◆ **Extracted entries**
== Segment start ==

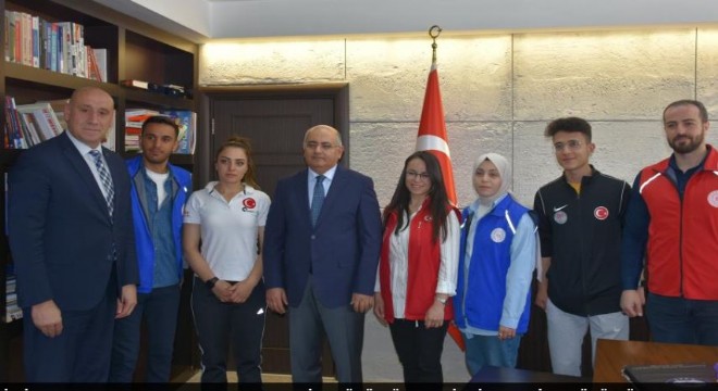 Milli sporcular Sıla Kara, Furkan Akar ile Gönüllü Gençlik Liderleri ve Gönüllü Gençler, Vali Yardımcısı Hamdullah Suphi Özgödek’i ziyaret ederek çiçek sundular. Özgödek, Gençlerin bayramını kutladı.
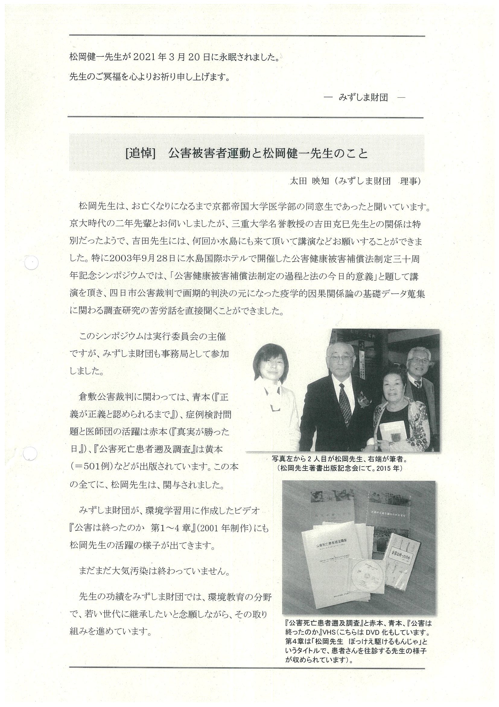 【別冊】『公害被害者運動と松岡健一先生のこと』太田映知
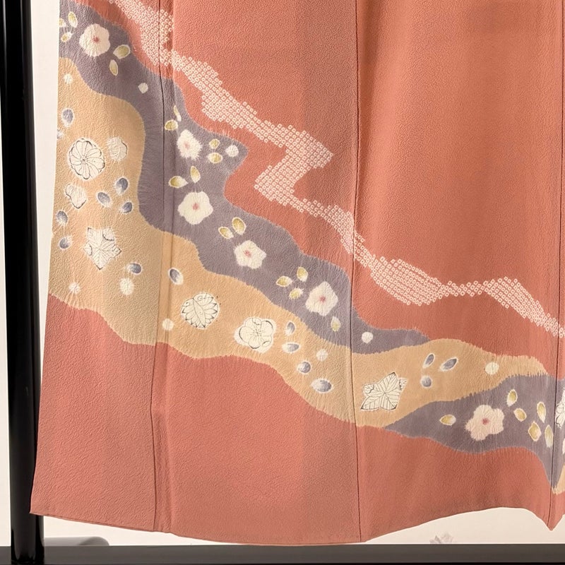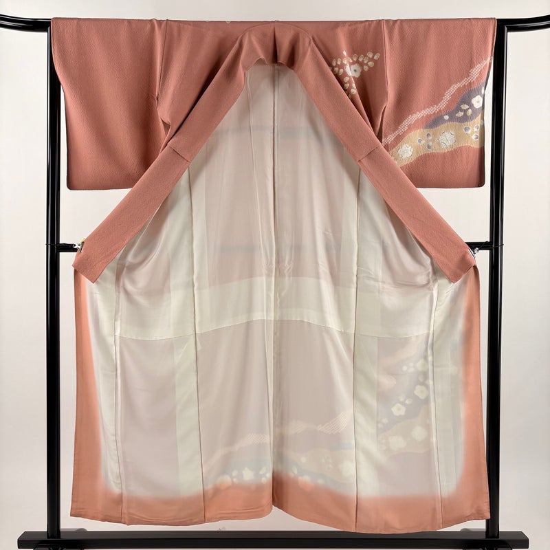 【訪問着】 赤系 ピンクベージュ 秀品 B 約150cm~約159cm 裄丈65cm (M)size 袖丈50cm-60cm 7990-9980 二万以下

== Segment end ==
== Segment start ==

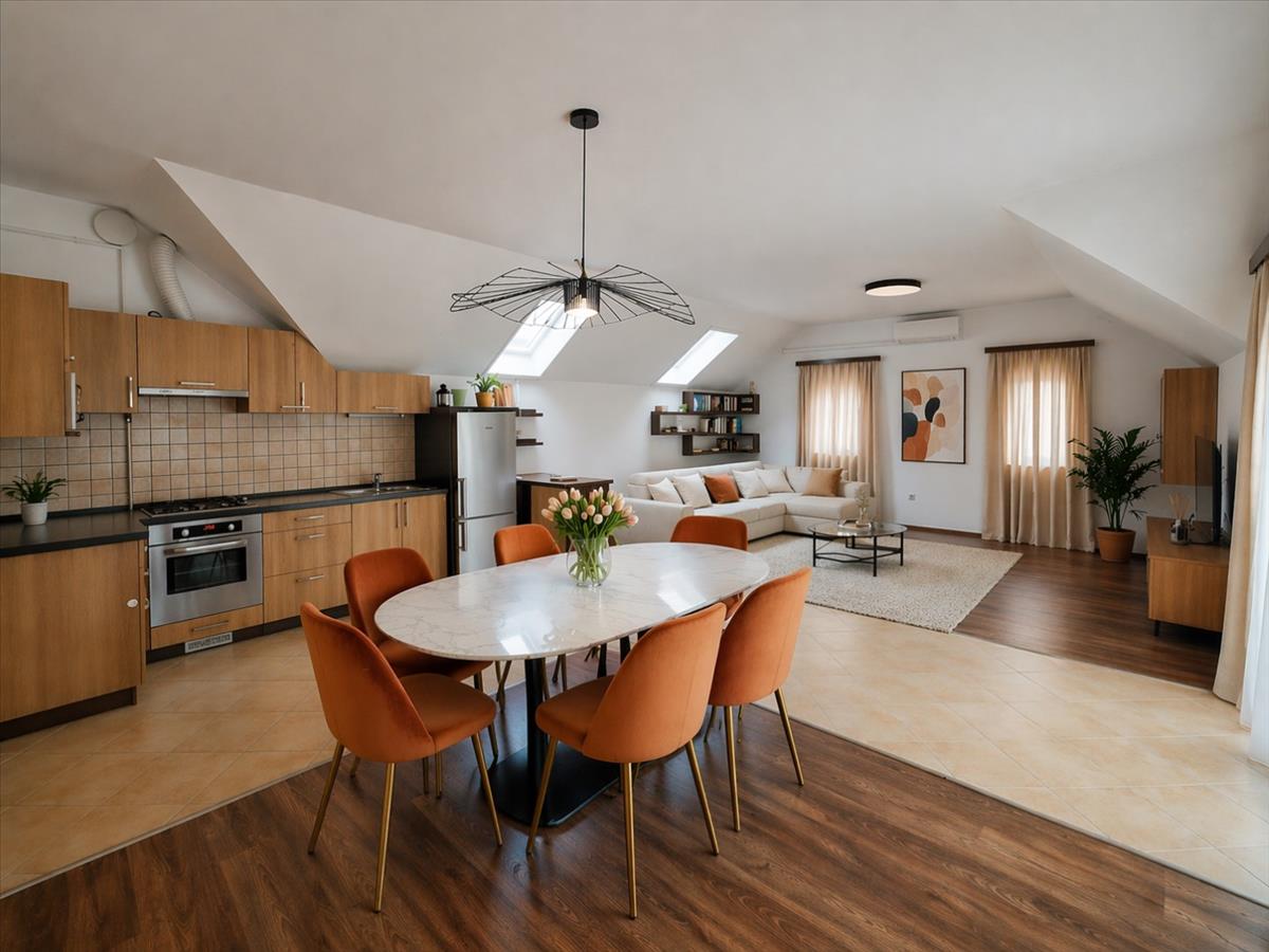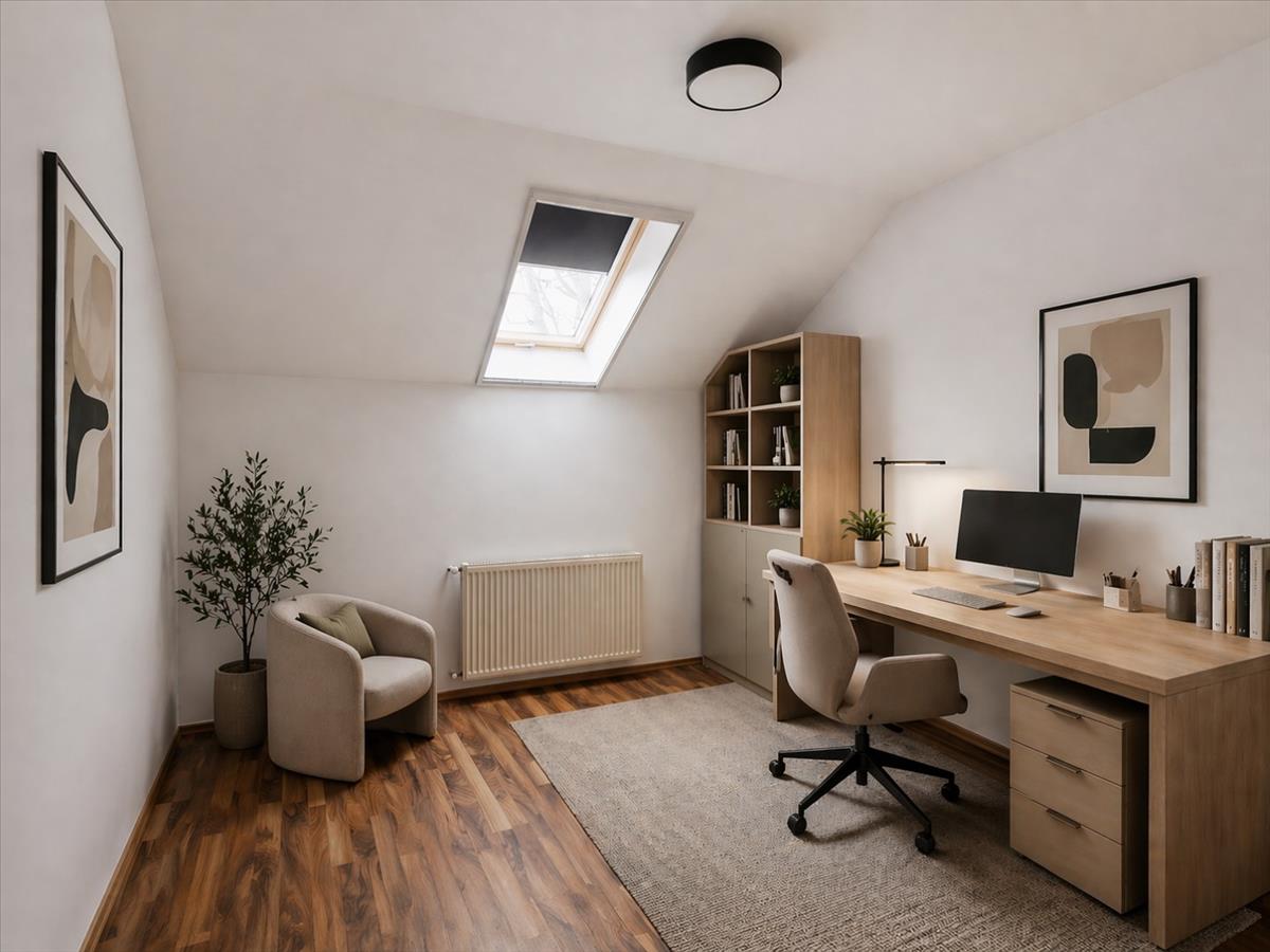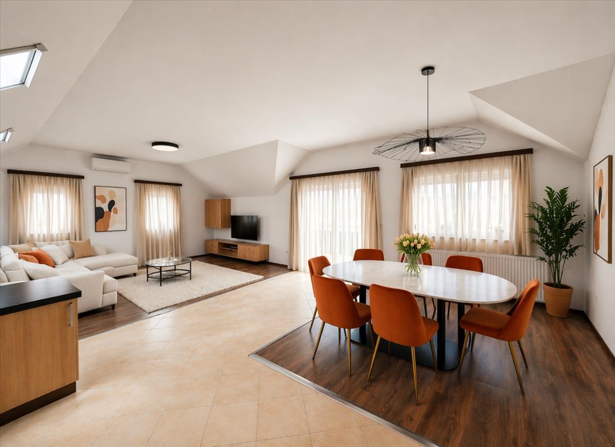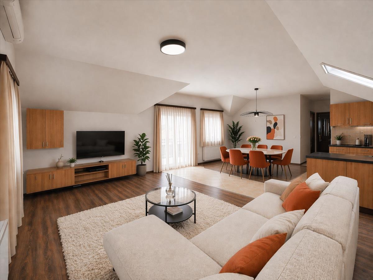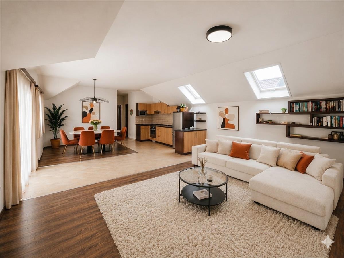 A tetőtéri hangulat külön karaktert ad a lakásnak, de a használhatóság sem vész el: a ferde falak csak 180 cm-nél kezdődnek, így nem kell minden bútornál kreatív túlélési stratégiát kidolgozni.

== Segment end ==
== Segment start ==

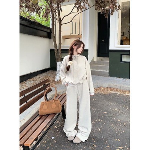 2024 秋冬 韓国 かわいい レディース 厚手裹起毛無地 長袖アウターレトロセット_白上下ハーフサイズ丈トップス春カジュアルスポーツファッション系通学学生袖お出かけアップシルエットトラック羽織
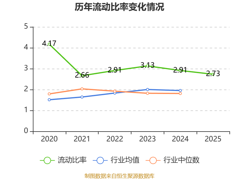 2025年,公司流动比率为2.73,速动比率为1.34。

== Segment end ==

◆ **Action item**
What do the entries above read from the line containing "Milli sporcular Sıla" through the line containing "袖丈50cm-60cm 7990-9980 二万以下"? Output those lines exactly, both ends included, with the pictures left out.

◆ **Answer to this exercise**
 Milli sporcular Sıla Kara, Furkan Akar ile Gönüllü Gençlik Liderleri ve Gönüllü Gençler, Vali Yardımcısı Hamdullah Suphi Özgödek’i ziyaret ederek çiçek sundular. Özgödek, Gençlerin bayramını kutladı.
 【別冊】『公害被害者運動と松岡健一先生のこと』太田映知
 【訪問着】 赤系 ピンクベージュ 秀品 B 約150cm~約159cm 裄丈65cm (M)size 袖丈50cm-60cm 7990-9980 二万以下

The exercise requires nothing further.